A versatile pathogen genotyping assay should perform well with low-input pure fungal DNA as well as mixed samples containing DNA both from multiple strain genotypes and the host (i.e. wheat plants). We find that the assay replicated well across most of the tested sample types both in terms of the number of recovered reads per sample as well as the proportion of reads that could be mapped to the Z. tritici reference genome. Besides, we found that in mixed samples (i.e. containing more than one genotype), the assay reproduces well the allele frequencies across the two independent genotyping runs. We also assessed the ability of the assay to recover allele frequencies of mixtures of known isolates. Using known genotypes of three isolates as a control, the amplicon assay recovered well the allele frequencies in most tested mixtures. The weak performance of some individual mixtures is likely due to errors during handling rather than a general issue of reproducing allele frequencies. The accurate recovery of allele frequencies in a mixed sample is clearly contingent on sufficient sequencing depth though and we have evaluated the performance only at loci with ≥50 mapped reads. The genotyping of transposable element insertions in the MFS1 promoter region was not conclusive. The overlapping amplicons and very high levels of sequence polymorphism prevented a clear assignment of amplicons to transposable element insertion genotypes, but our data opens up a path for a more comprehensive design strategy to capture inserted sequences.

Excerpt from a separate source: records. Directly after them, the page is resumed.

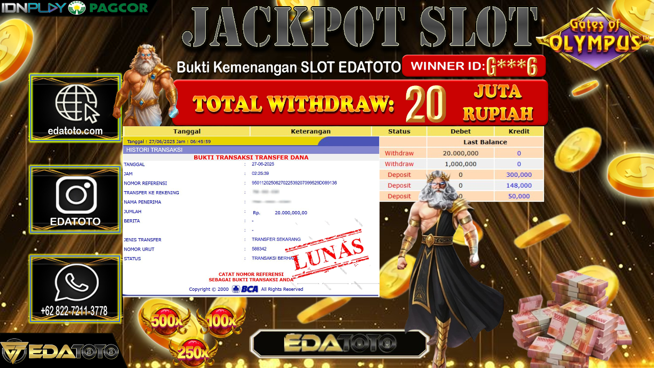 Selamat Kepada Pemilik user ID : G***6 Hari/Tanggal : Jum’at/ 27, Juni 2025 Jackpot : Rp. 20.000.000 JT Permainan : Gates . . .
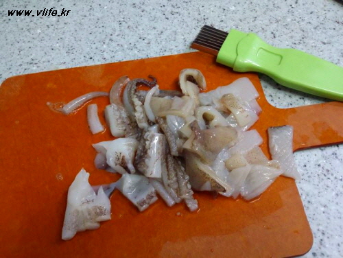 오징어 깨끗이 씻어 파채칼로 칼집 내고 큼직하게 썰기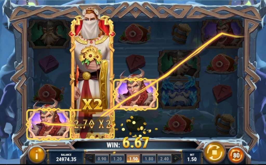フリースピンに入ると、1ラウンド目から右端にトールが現れ、拡張ワイルドシンボルとなり、スピンするたびに左に1マス移動し、フリースピン終了まで勝利倍率が増加していきます。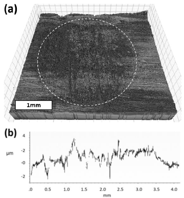 Figure 7 (a) 3D-Image from a wear scar produced under the action of three-body abrasion; (b) horizontal profile from the scar.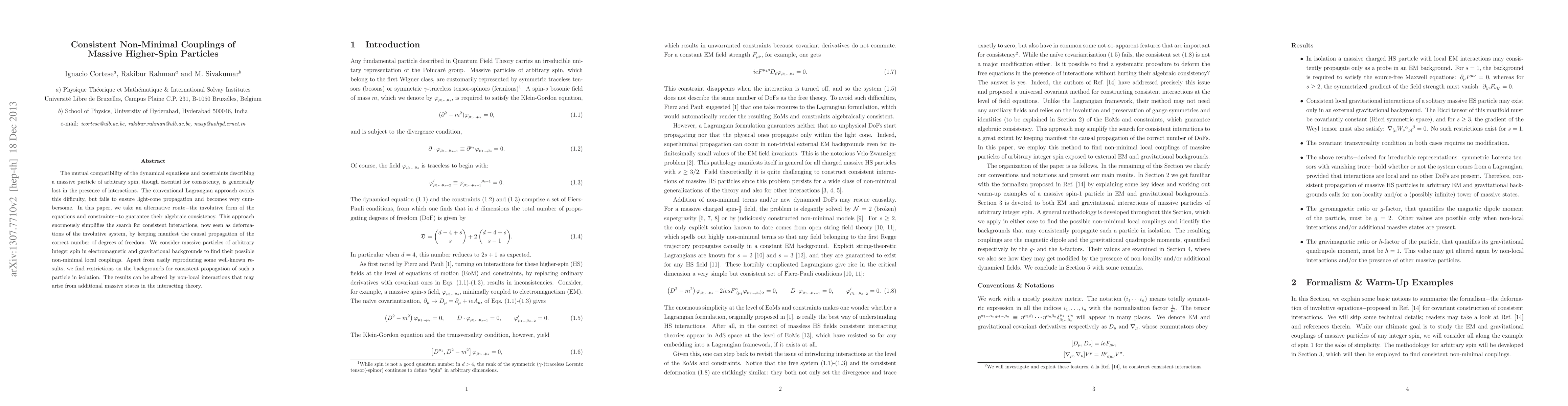 This paper explores consistent interactions for massive particles of arbitrary spin, using an involutive approach to ensure the algebraic consistency of equations and constraints. It finds restrictions on backgrounds for consistent propagation and discusses how non-local interactions might alter these results.

The microfluidics-based multiplex PCR targeted amplicon sequencing requires bioinformatics analyses both for the design of the amplicons and for the genotyping after a successful run. Nearly all designed amplicons and associated primer sequences could be used also outside of a microfluidics protocol. A technically less demanding version of our approach is typically referred to as GT-seq, which consists in amplifying loci in large pools of primer pairs and indices to distinguish samples [45]. Given the short amplicons, using individual primer pairs for targeted qPCR assays would also be possible. The number of recovered loci for targeted amplicon sequencing remains below untargeted approaches such as RAD-seq and GBS. Untargeted reduced-representation approaches provide however only genome-wide information on genetic differentiation. This may be informative e.g. for virulence profiles in clonal pathogens [43], however this approach is unsuitable to recover genotypes at specific loci. Targeted amplification such as the microfluidics based multiplex PCR performs also well in mixed samples. RAD-seq and GBS are unlikely to perform well if substantial proportions of plant DNA are present, because large plant genomes will typically contain many more restriction sites compared to fungal genomes.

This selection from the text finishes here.